Die aufschiebende Wirkung der Klage 7 K 3586/15 (VG Gelsenkirchen) gegen die Gewerbeuntersagungsverfügung der Antragsgegnerin vom 16.7.2015 wird hinsichtlich der Regelungen in Ziffer 1. der Verfügung wiederhergestellt, hinsichtlich der Zwangsmittelandrohung in Ziffer 3. angeordnet.
Die Antragsgegnerin trägt die Kosten des Verfahrens in beiden Rechtszügen.
Der Streitwert wird auch für das Beschwerdeverfahren auf 10.000,00 Euro festgesetzt.
Gründe
1Die Beschwerde des Antragstellers ist begründet.
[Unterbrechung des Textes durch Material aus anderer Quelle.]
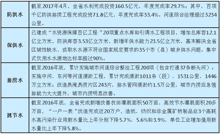自2013年提出“五水共治”战略目标以来,短短几年便取得了显著的成效。下表总结了截至2017年“五水共治“的部分主要成效。(见下表)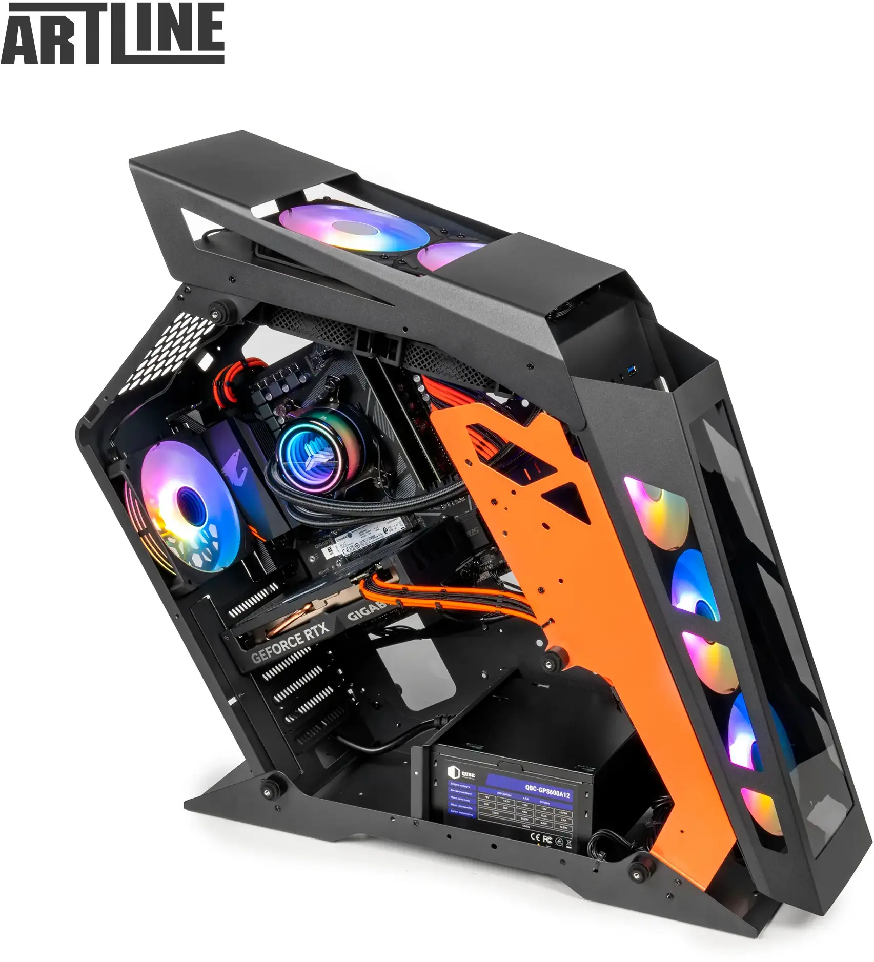 ARTLINE Gaming STLKR (STLKRv116) – потужний ігровий системний блок у корпусі QUBE STALKER MAX Black-Orange для сучасних проєктів і вимогливих задач. Оснащений 6-ядерним AMD Ryzen 5 7600X (4.7–5.3 ГГц) з розблокованим множником і водяним охолодженням 240mm WaterCooler Black, 16 ГБ DDR5-5600 та надшвидким SSD 1 ТБ M.2 NVMe. Відеокарта NVIDIA GeForce RTX 5060 Ti 16GB забезпечує високий FPS і стабільну графіку. Платформа на чипсеті AMD B650 (PRIME B650M-A), блок живлення 650W 80+ Bronze, розвинене охолодження: 3×120 мм RGB спереду, 1×120 мм RGB ззаду та 2×120 мм RGB зверху (для СВО), бокові панелі із загартованого скла 4 мм і яскрава RGB-підсвітка. Порти корпусу: 1×USB 3.0, 2×USB 2.0, Audio; інтерфейси материнської плати включають DisplayPort, HDMI, D-Sub, 2.5Gb Ethernet, USB 3.2 Gen2/Gen1 та аудіороз’єми; на відеокарті – 1×HDMI 2.1b і 3×DisplayPort 2.1b. Операційна система відсутня. Комплектація: ПК, техпаспорт, кабель живлення. Розміри (без упаковки): 555×245×685 мм, вага 12 кг; в упаковці: 655×260×785 мм, вага 14 кг, 1 місце.

2Die im Rahmen des § 80 Abs. 5 VwGO vorzunehmende Abwägung zwischen dem privaten Interesse des Betroffenen, von der sofortigen Vollziehung bis zum Abschluss des Hauptsacheverfahrens verschont zu bleiben, und dem öffentlichen Interesse an der sofortigen Durchsetzung der für notwendig erachteten Maßnahmen fällt zu Lasten der Antragsgegnerin aus.
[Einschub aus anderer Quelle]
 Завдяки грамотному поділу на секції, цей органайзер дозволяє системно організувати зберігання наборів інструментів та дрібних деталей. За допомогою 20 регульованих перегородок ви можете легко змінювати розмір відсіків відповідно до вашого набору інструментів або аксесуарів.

3Zwar dürfte das Verwaltungsgericht zutreffend angenommen haben, dass keine Zweifel an der Rechtmäßigkeit der Gewerbeuntersagungsverfügung bestehen. Denn nach gefestigter verwaltungsgerichtlicher Rechtsprechung ist im gerichtlichen Verfahren bei der im Rahmen der gewerberechtlichen Zuverlässigkeitsprüfung zu treffenden Prognoseentscheidung maßgeblich auf den Zeitpunkt des Erlasses der Ordnungsverfügung abzustellen. Angesichts dessen, dass der Antragssteller seinen steuerlichen Erklärungs- und Zahlungspflichten in der Vergangenheit nur unzureichend nachgekommen ist und im Hinblick auf seine zum Zeitpunkt des Erlasses der Ordnungsverfügung vom 16.7.2015 bestehenden insgesamt erheblichen Rückstände beim Finanzamt S. , bei der Antragsgegnerin und der IKK spricht Vieles dafür, dass eine negative Prognose gerechtfertigt war. Allerdings ist ein besonderes Vollziehungsinteresse nur dann anzunehmen, wenn die begründete Besorgnis besteht, dass sich die mit der Gewerbeuntersagung bekämpfte Gefahr schon in der Zeit bis zum Abschluss des Hauptsacheverfahrens realisieren kann. Insoweit sind nach ständiger Rechtsprechung des Senats auch Umstände zu berücksichtigen, die nach Erlass der Gewerbeuntersagung eingetreten sind.
4Vgl. OVG NRW, Beschluss vom 25.3.2015 – 4 B 1480/14 –, juris, Rn. 40 f., m. w. N.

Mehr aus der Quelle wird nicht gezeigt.